Commonly owned U.S. Pat. No. 6,238,372 entitled Fluid Control Device illustrates and describes a fluid control device for use with a syringe and at least one medicinal vessel. The fluid control device includes a first port, a second port for receiving the syringe, a third port including an adaptor having a fluid conduit member extending into the interior of the medicinal vessel when attached thereto and a flow control member selectively disposable from a first flow control position enabling a flow path between a first pair of two ports and second flow control position enabling a flow path between a second pair of two ports. The flow control member is coupled to one of the ports for manipulation between its flow control positions.
Commonly owned PCT International Application No. PCT/IL2005/000376 entitled Liquid Drug Medical Devices and published under PCT International Publication No. WO 2005/105014 illustrates and describes a liquid drug medical device for liquid drug reconstitution and administration purposes, a vial adapter with elastomer tubing and a needle shield removal device. The liquid drug medical device has a longitudinal axis and is intended for use with a source of physiological solution and a medicinal vessel. The liquid drug medical device includes a body member having a first port for fluid connection with the source of physiological solution and a flow control member rotatably mounted in the body member about an axis of rotation co-directional with the longitudinal axis. The flow control member has a first major flow duct and a second major flow duct substantially parallel to and non-coaxial with the axis of rotation and respectively terminating at a second port, and a third port for administering the liquid drug. The liquid drug medical device further includes a manually rotatable adapter having a fluid conduit member with a proximal end in flow communication with the second port and a distal end extending into the medicinal vessel on its attachment to the adapter, and coupled to the flow control member for rotating same between a first flow control position for connecting the first port with the second port, and a second flow control position for connecting the first port with the third port.

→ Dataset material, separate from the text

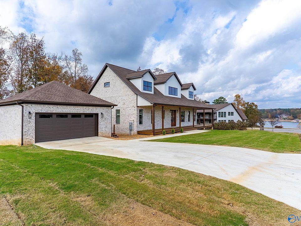 "New" Full Brick Home with/ Vinyl Dormers. Gorgeous view of Smith Lake. Gated Community. Front porch wraps around 3 sides (front,1side & rear). 2 story 5 Bedrooms 3 Baths/ open floor plan. Family room upstairs 18x26 overlooks Kitchen & Dining room downstairs. Living Room w/electric fireplace, ceiling fan & 10' ceilings. 20' Ceilings in kitchen & dining room. LargeGarage 25x25 w/18' door. 2-50 gallon high-efficiency heat pump water heaters. Community Amenities has boat ramp, free boat storage area, & docks. Pickleball Rec area! Amazing Home!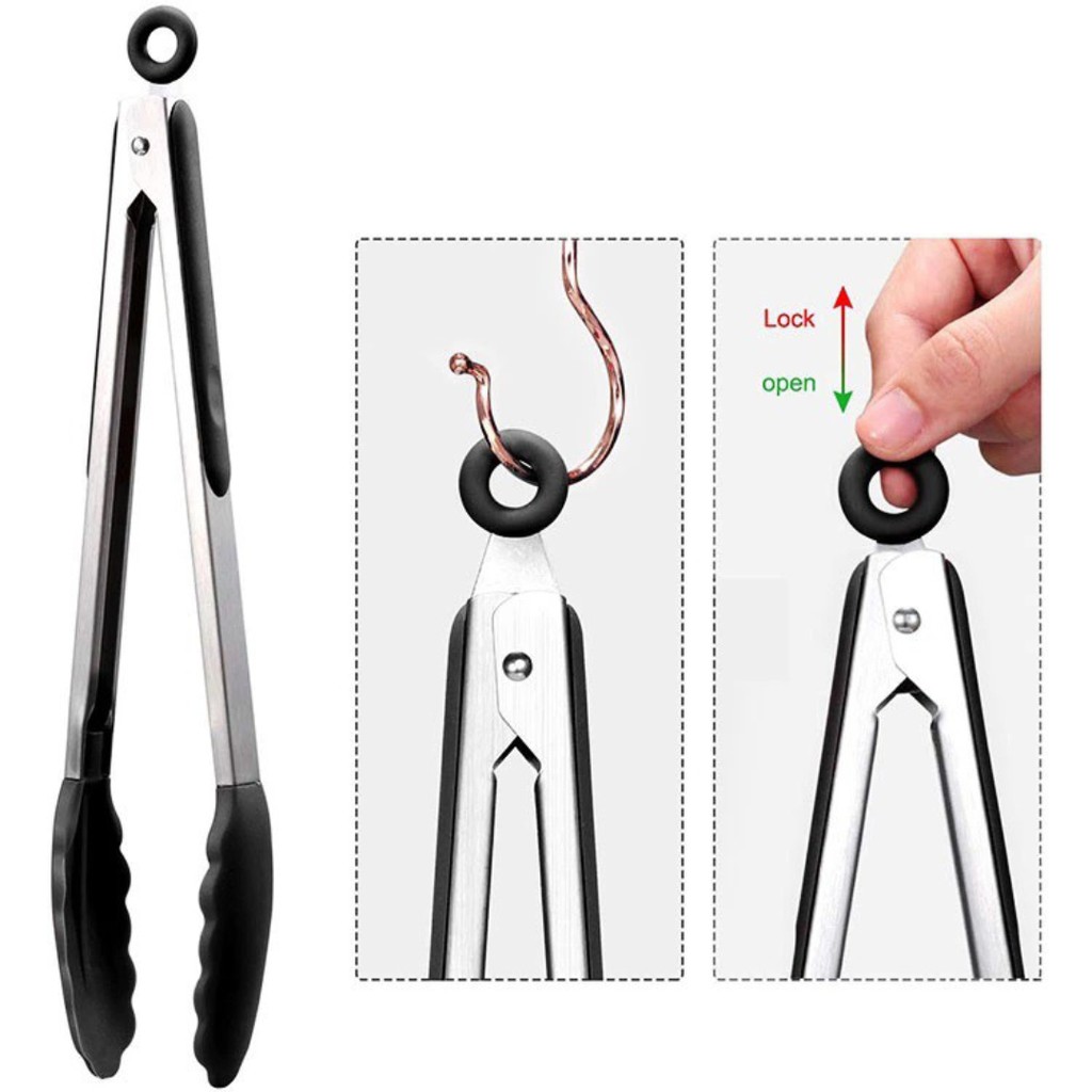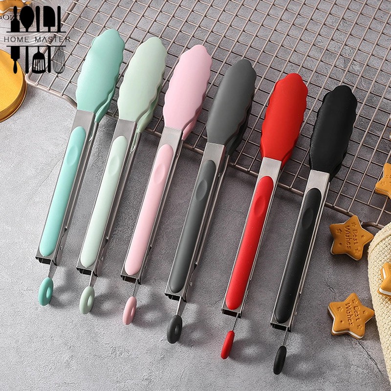 [Ready Stock] Premium Silicone Food Tongs Kitchen Cooking Salad Serving BBQ Tongs Stainless Steel Handle Utensil

Commonly owned PCT International Application No. PCT/US2008/070024 entitled Medicament Mixing and Injection Apparatus and published under PCT International Publication No. WO 2009/038860 illustrates and describes a mixing and injection apparatus including a needle and a needle base, a syringe attachment element and a mixing chamber engagement assembly including a needle chamber surrounding the needle and a first liquid conduit portion, sealed from the needle chamber and a mixing chamber engagement portion including a second liquid conduit portion communicating with the first liquid conduit portion and configured for communication with a mixing chamber. The syringe attachment element and the needle base are configured to permit liquid communication between an interior of the syringe and the first liquid conduit portion when the syringe attachment element and the needle base are in the first relative engagement orientation and to permit liquid communication between an interior of the syringe and the needle when the syringe attachment element and the needle base are in the second relative engagement orientation, axially separated from the first relative orientation along the injection axis.
The present invention is directed toward inline liquid drug medical devices for use with a source of physiological fluid and a medicinal vessel for liquid drug reconstitution and administration purposes.
The inline liquid drug medical device includes a housing having a longitudinal device axis and a vial adapter removably attached on the housing and detachable therefrom along a line of detachment co-directional with the device axis. The housing has three ports, a first port onto which is connected the source of physiological fluid, a second port which leads to the medicinal vessel, and a third port which is fitted with a drug dispenser such as a needle, an atomizer, and the like.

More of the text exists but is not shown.